_Exercise description_
Quote word for word from the line holding "1、进入boss直聘,点击消息。" to the last line below, including both, and omit any pictures.

_Data in this exercise_
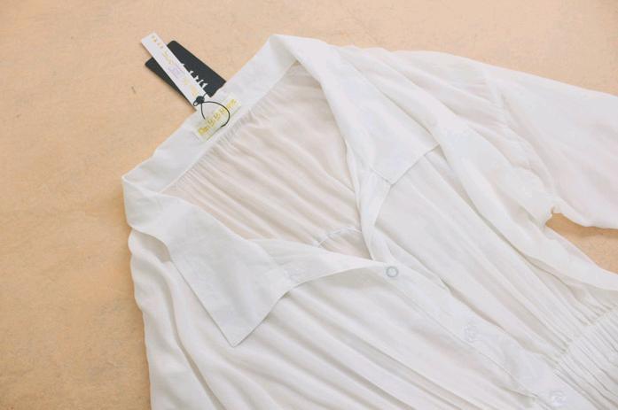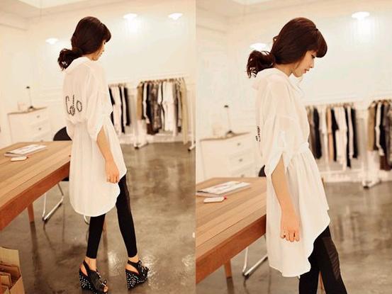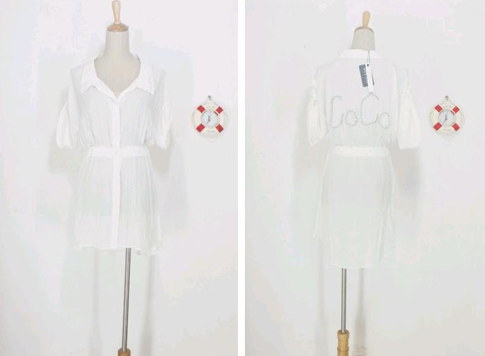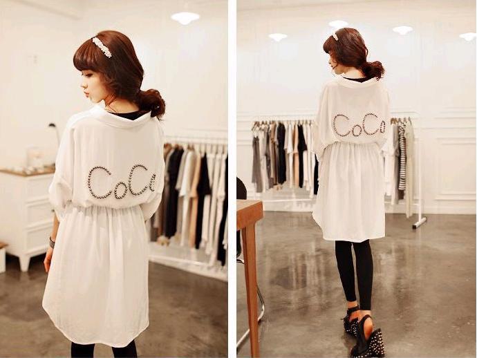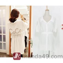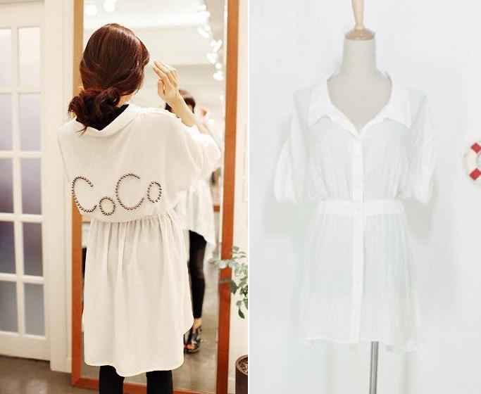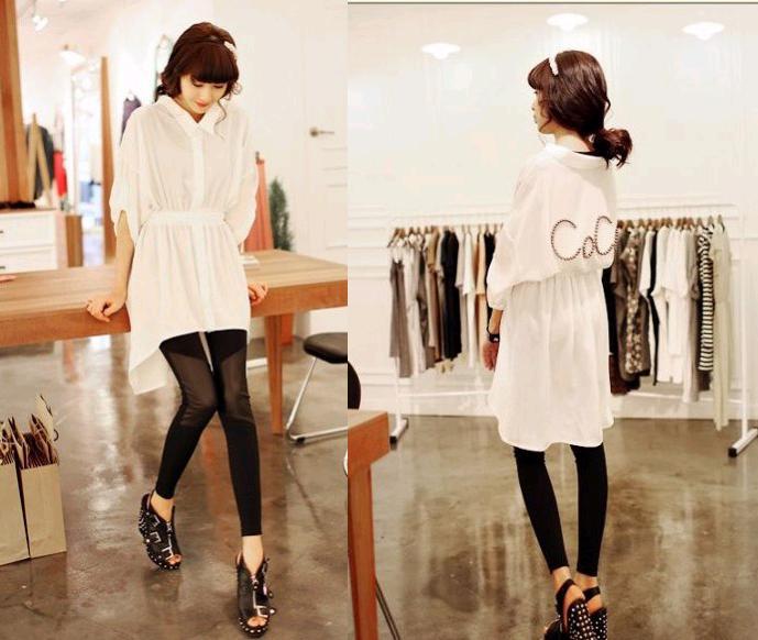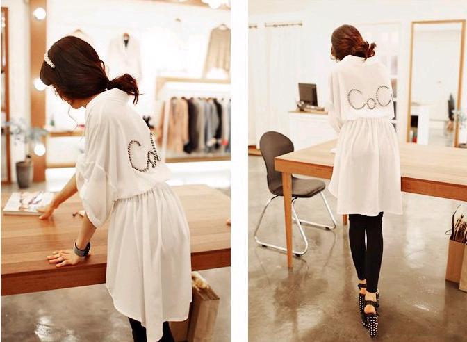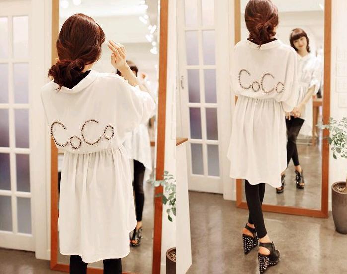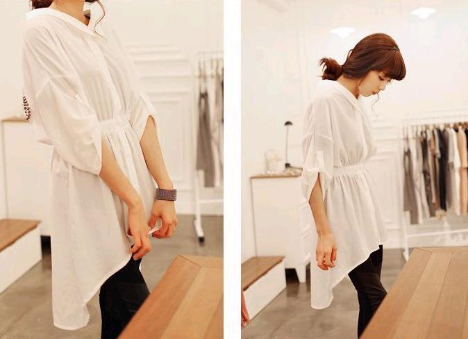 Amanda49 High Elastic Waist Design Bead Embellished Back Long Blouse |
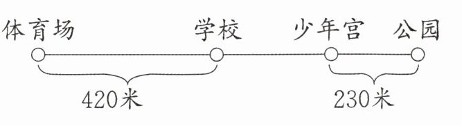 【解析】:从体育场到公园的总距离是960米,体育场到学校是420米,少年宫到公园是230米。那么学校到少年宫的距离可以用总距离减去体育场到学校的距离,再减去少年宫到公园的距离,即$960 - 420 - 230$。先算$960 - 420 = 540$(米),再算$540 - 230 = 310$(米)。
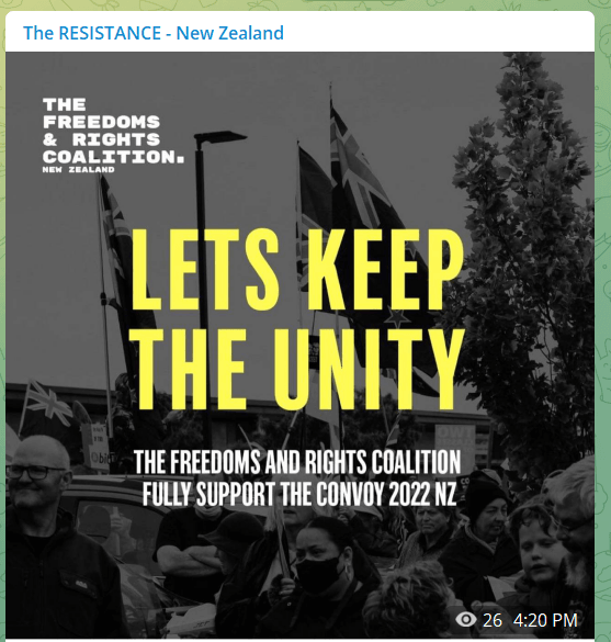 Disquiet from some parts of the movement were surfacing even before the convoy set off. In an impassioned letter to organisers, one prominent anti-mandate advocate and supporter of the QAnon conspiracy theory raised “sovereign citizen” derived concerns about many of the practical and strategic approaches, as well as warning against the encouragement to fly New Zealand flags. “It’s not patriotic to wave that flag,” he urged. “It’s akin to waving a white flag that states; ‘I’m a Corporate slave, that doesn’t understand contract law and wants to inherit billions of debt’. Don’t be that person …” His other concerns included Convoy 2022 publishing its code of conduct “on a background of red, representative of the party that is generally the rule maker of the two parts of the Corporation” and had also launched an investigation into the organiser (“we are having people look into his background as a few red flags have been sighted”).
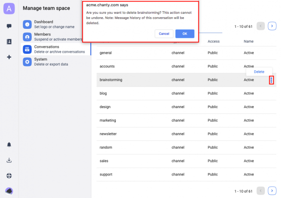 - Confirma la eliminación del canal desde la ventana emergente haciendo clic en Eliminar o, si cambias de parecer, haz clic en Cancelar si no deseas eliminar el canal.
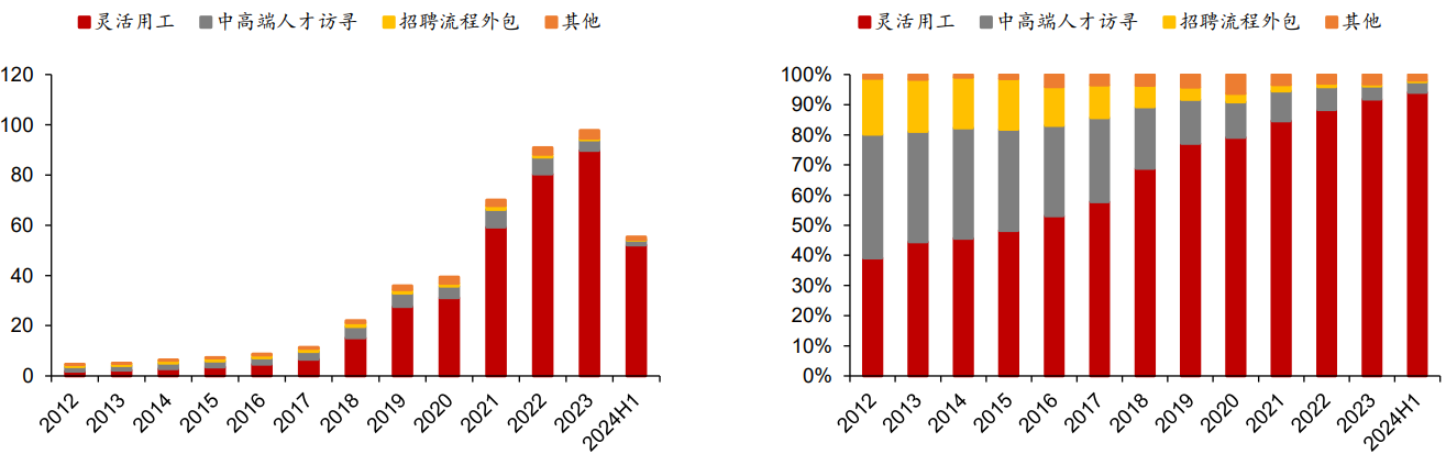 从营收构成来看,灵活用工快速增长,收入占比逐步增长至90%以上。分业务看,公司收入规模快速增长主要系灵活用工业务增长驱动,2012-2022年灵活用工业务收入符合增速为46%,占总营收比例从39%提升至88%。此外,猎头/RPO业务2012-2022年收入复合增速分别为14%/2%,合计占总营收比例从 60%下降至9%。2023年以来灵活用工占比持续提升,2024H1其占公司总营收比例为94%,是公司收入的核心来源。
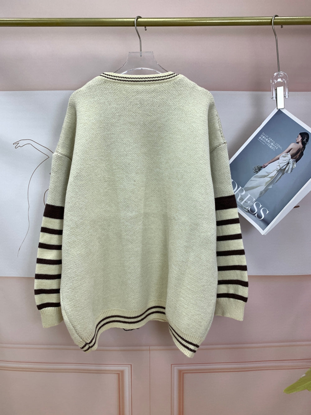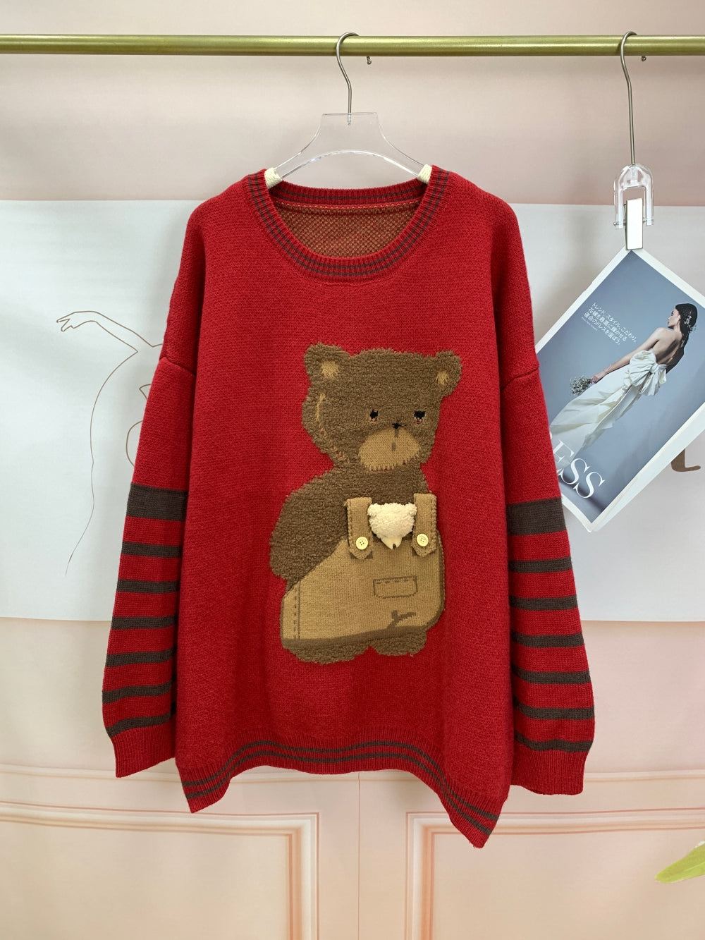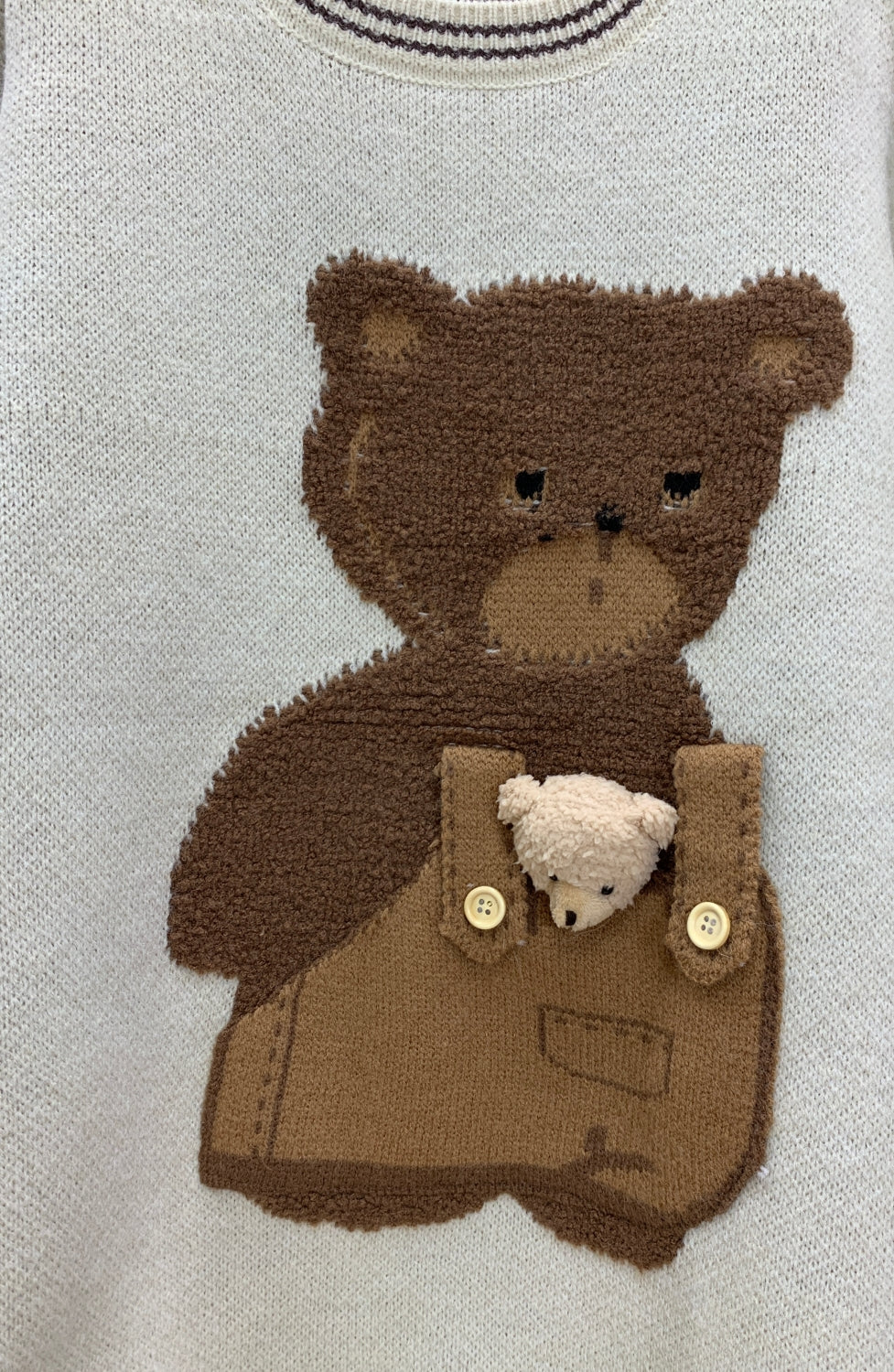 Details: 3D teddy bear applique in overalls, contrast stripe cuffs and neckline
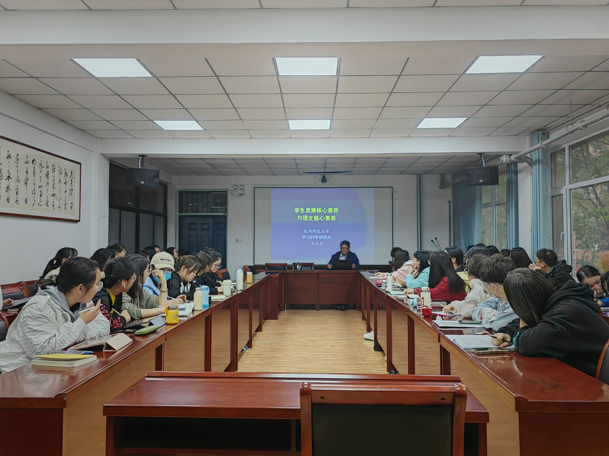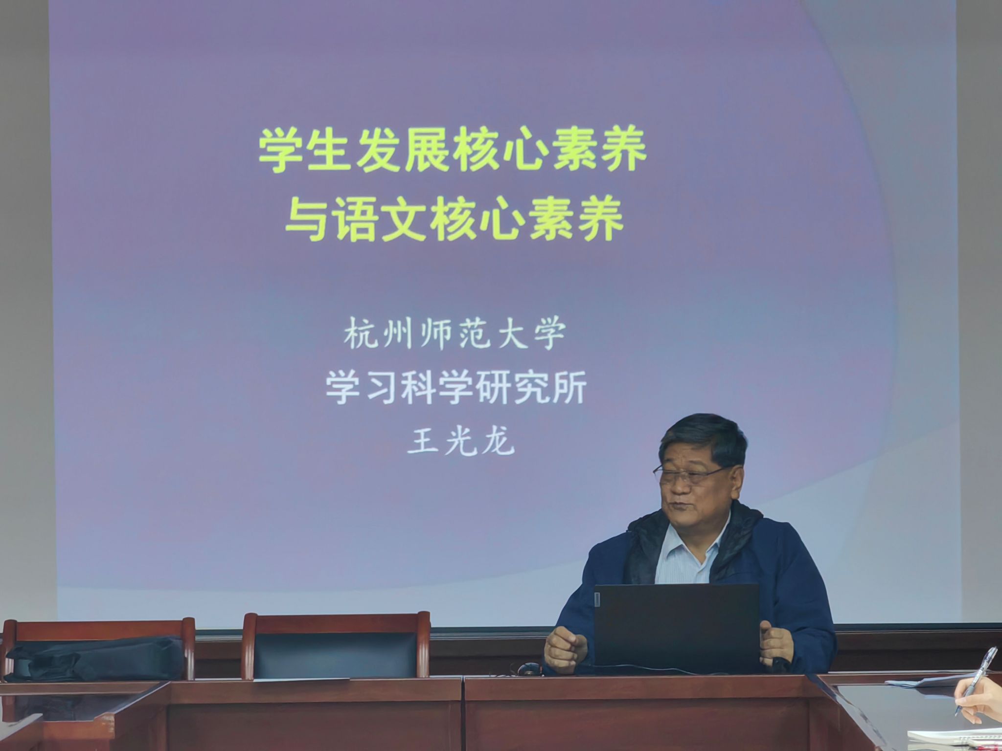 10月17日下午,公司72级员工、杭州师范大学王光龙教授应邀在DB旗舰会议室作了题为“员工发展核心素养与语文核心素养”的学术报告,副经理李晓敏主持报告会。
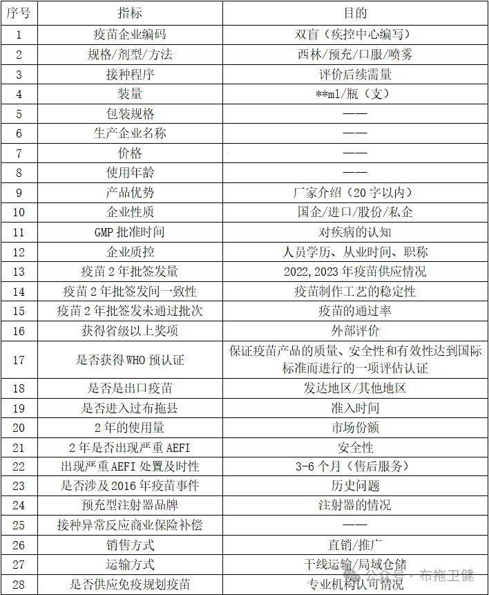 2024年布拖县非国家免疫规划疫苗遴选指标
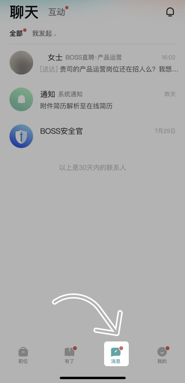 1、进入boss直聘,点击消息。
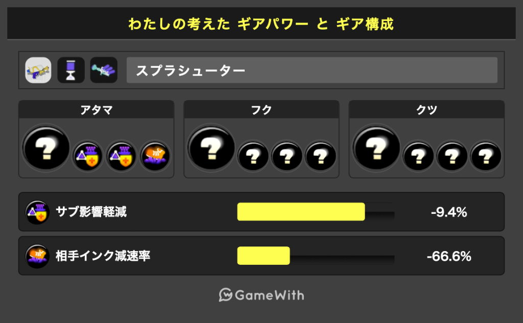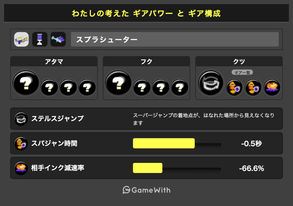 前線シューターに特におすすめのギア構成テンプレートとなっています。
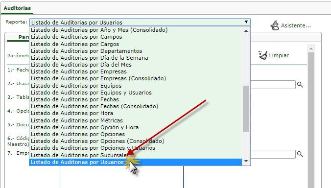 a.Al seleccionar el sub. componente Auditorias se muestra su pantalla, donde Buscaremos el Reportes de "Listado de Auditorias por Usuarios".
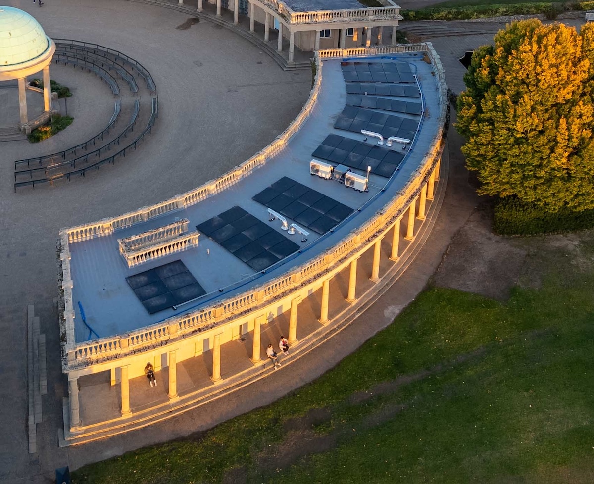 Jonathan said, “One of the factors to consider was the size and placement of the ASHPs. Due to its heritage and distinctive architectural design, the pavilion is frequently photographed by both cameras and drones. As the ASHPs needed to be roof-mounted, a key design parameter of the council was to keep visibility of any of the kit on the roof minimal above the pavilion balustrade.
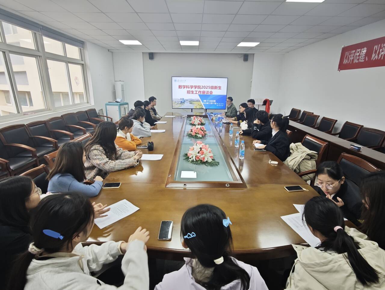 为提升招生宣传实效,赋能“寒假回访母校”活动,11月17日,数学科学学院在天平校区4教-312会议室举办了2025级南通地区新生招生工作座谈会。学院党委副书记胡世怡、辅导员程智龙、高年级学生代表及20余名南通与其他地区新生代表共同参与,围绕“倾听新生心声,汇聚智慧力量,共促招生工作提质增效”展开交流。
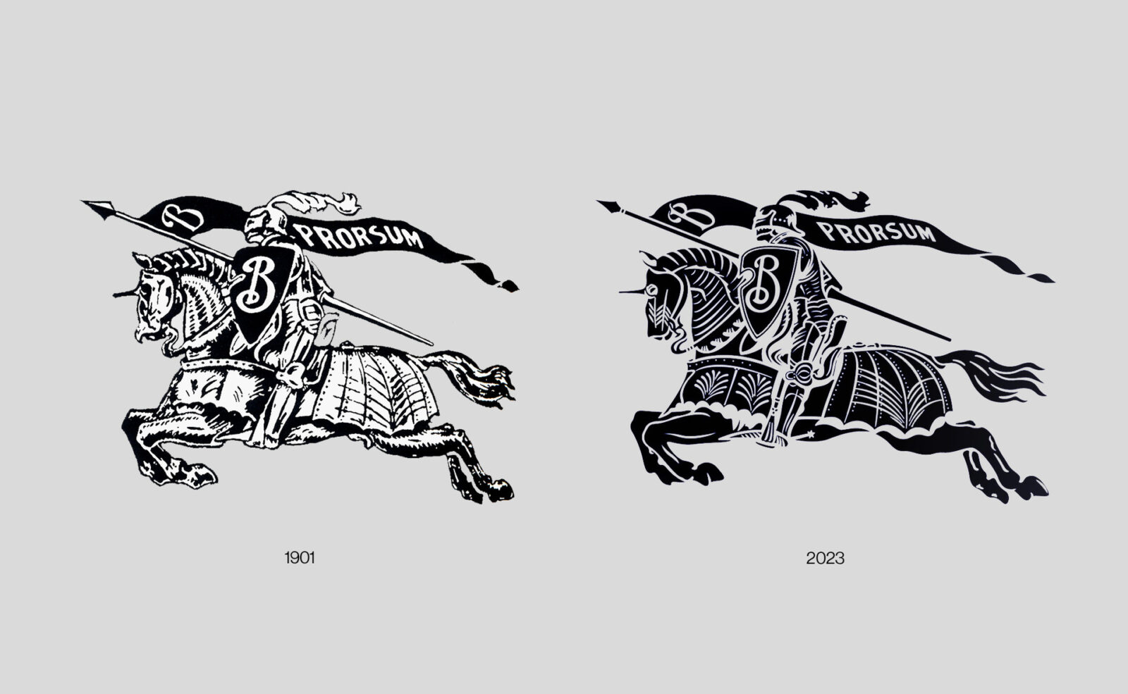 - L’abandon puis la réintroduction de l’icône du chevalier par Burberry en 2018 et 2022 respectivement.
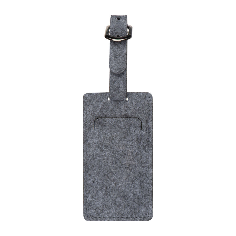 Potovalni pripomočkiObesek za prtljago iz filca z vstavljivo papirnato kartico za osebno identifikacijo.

_Task answer_
 1、进入boss直聘,点击消息。
 前線シューターに特におすすめのギア構成テンプレートとなっています。
 a.Al seleccionar el sub. componente Auditorias se muestra su pantalla, donde Buscaremos el Reportes de "Listado de Auditorias por Usuarios".
 Jonathan said, “One of the factors to consider was the size and placement of the ASHPs. Due to its heritage and distinctive architectural design, the pavilion is frequently photographed by both cameras and drones. As the ASHPs needed to be roof-mounted, a key design parameter of the council was to keep visibility of any of the kit on the roof minimal above the pavilion balustrade.
 为提升招生宣传实效,赋能“寒假回访母校”活动,11月17日,数学科学学院在天平校区4教-312会议室举办了2025级南通地区新生招生工作座谈会。学院党委副书记胡世怡、辅导员程智龙、高年级学生代表及20余名南通与其他地区新生代表共同参与,围绕“倾听新生心声,汇聚智慧力量,共促招生工作提质增效”展开交流。
 - L’abandon puis la réintroduction de l’icône du chevalier par Burberry en 2018 et 2022 respectivement.
 Potovalni pripomočkiObesek za prtljago iz filca z vstavljivo papirnato kartico za osebno identifikacijo.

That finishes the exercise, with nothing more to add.